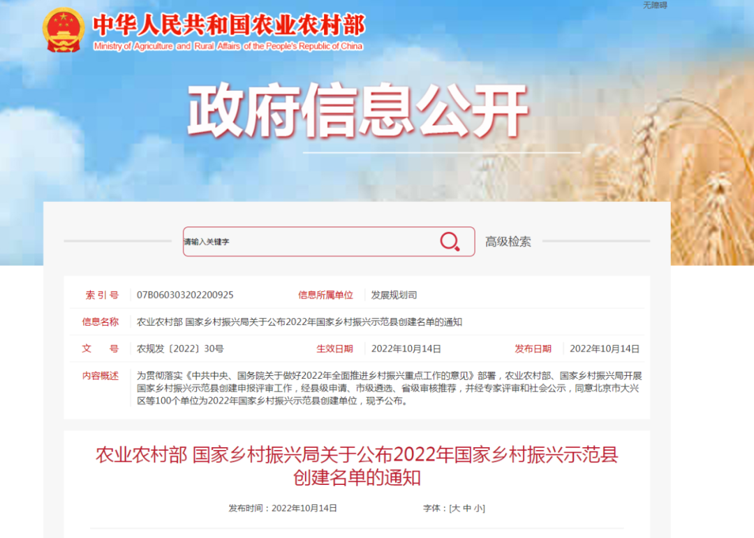 農(nóng)業(yè)農(nóng)村部、國家鄉(xiāng)村振興局開展的國家鄉(xiāng)村振興示范縣創(chuàng)建申報評審工作近日完成,北京市大興區(qū)、河南省蘭考縣、四川省眉山市東坡區(qū)等100個單位為2022年國家鄉(xiāng)村振興示范縣。其中甘肅省會寧縣、民勤縣、臨澤縣三地上榜。
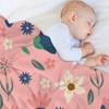 Soscooter Flannel Blanket Pink Base Blue White Pink Floral Green Leaf Pattern Soft Cozy Throw Blanket for Couch Bedroom Home Decor 30x40 inches
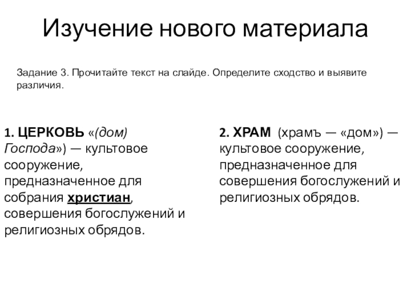 ознакомления с терминами «собор», «храм», «церковь», сравнить эти понятия
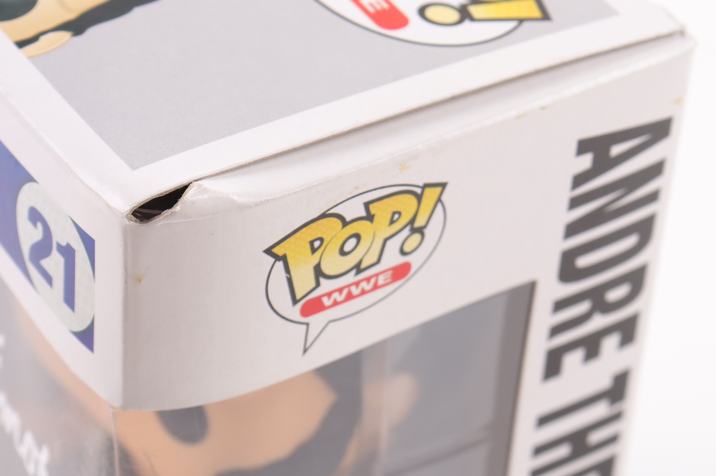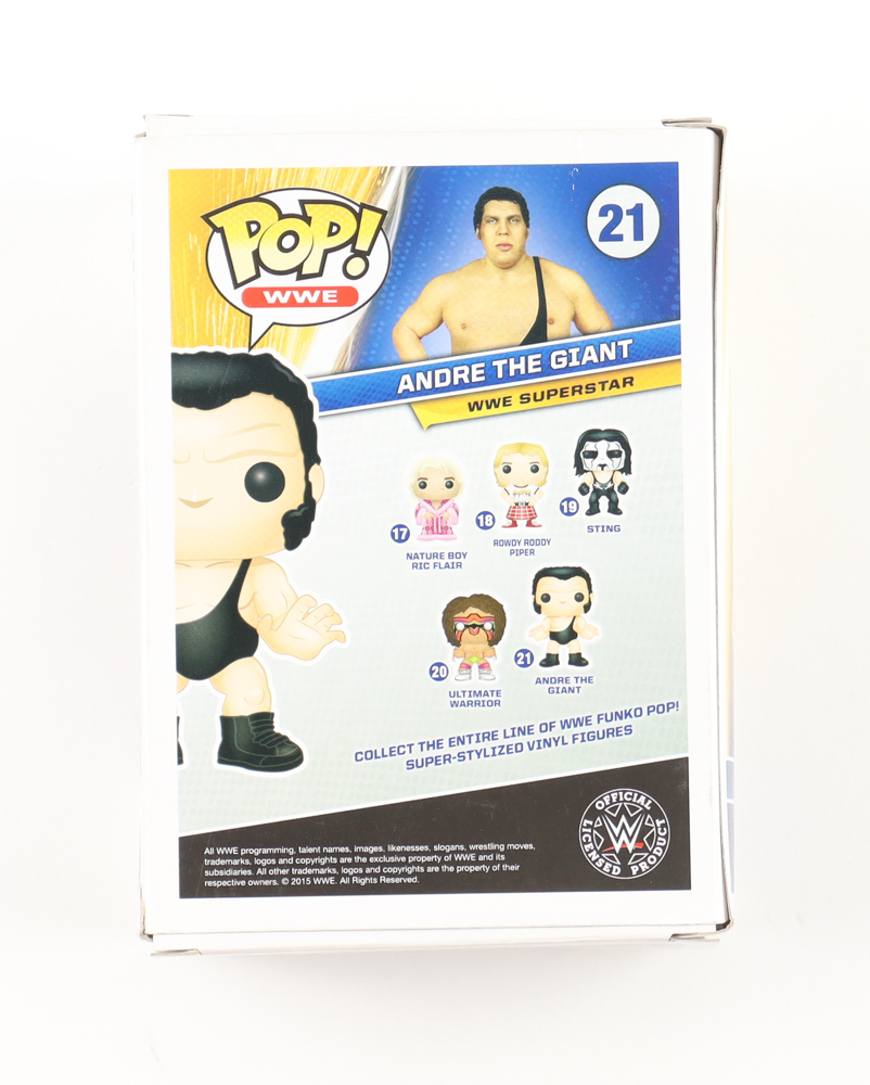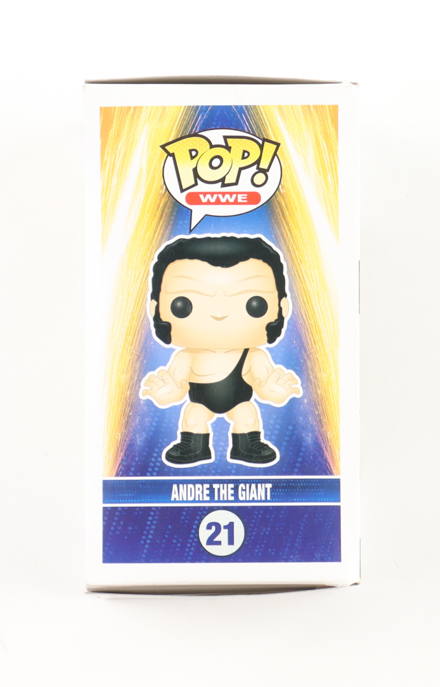 Funko Pop! vinyl figure measures approximately 4" tall and is hand-signed and inscribed on the packaging by Robin Roussimoff (Andre The Giants Daughter). Please note the top right side of the packaging is imperfect.
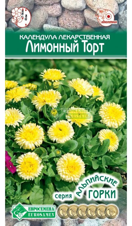 Календула – одно из самых неприхотливых и, в то же время, самых эффектных однолетних садовых растений. В средние века ее считали панацеей. В XII веке Мейсер в своем гербарии отметил, что даже обычное рассматривание золотистых цветков календулы улучшает зрение, очищает ум и создает прекрасное настроение. Отлично выглядит в больших массивах, бордюрах и в букетах. Соцветия – круглые корзинки, махровые, самой разнообразной окраски. Календула является ценным лекарственным растением, применяется в медицине как потогонное средство, а также для лечения ожогов и заживления ран. Лимонный Торт- среднего роста календула с уникальной формой махрового цветка лимонного цвета, которая не оставит никого равнодушным. Идеально подходит для выращивания в групповых посадках, рабатках, бордюрах и для лекарственных садиков. Отличается обильным и продолжительным цветением с начала лета до середины осени. Зацветает через 60-70 дней от времени посева.

- - -

• **YOUR OBJECTIVE**
Could the data above be repeated exactly, with every picture dropped?

• **ANSWER BOX**
 農(nóng)業(yè)農(nóng)村部、國家鄉(xiāng)村振興局開展的國家鄉(xiāng)村振興示范縣創(chuàng)建申報評審工作近日完成,北京市大興區(qū)、河南省蘭考縣、四川省眉山市東坡區(qū)等100個單位為2022年國家鄉(xiāng)村振興示范縣。其中甘肅省會寧縣、民勤縣、臨澤縣三地上榜。
 Soscooter Flannel Blanket Pink Base Blue White Pink Floral Green Leaf Pattern Soft Cozy Throw Blanket for Couch Bedroom Home Decor 30x40 inches
 ознакомления с терминами «собор», «храм», «церковь», сравнить эти понятия
 Funko Pop! vinyl figure measures approximately 4" tall and is hand-signed and inscribed on the packaging by Robin Roussimoff (Andre The Giants Daughter). Please note the top right side of the packaging is imperfect.
 Календула – одно из самых неприхотливых и, в то же время, самых эффектных однолетних садовых растений. В средние века ее считали панацеей. В XII веке Мейсер в своем гербарии отметил, что даже обычное рассматривание золотистых цветков календулы улучшает зрение, очищает ум и создает прекрасное настроение. Отлично выглядит в больших массивах, бордюрах и в букетах. Соцветия – круглые корзинки, махровые, самой разнообразной окраски. Календула является ценным лекарственным растением, применяется в медицине как потогонное средство, а также для лечения ожогов и заживления ран. Лимонный Торт- среднего роста календула с уникальной формой махрового цветка лимонного цвета, которая не оставит никого равнодушным. Идеально подходит для выращивания в групповых посадках, рабатках, бордюрах и для лекарственных садиков. Отличается обильным и продолжительным цветением с начала лета до середины осени. Зацветает через 60-70 дней от времени посева.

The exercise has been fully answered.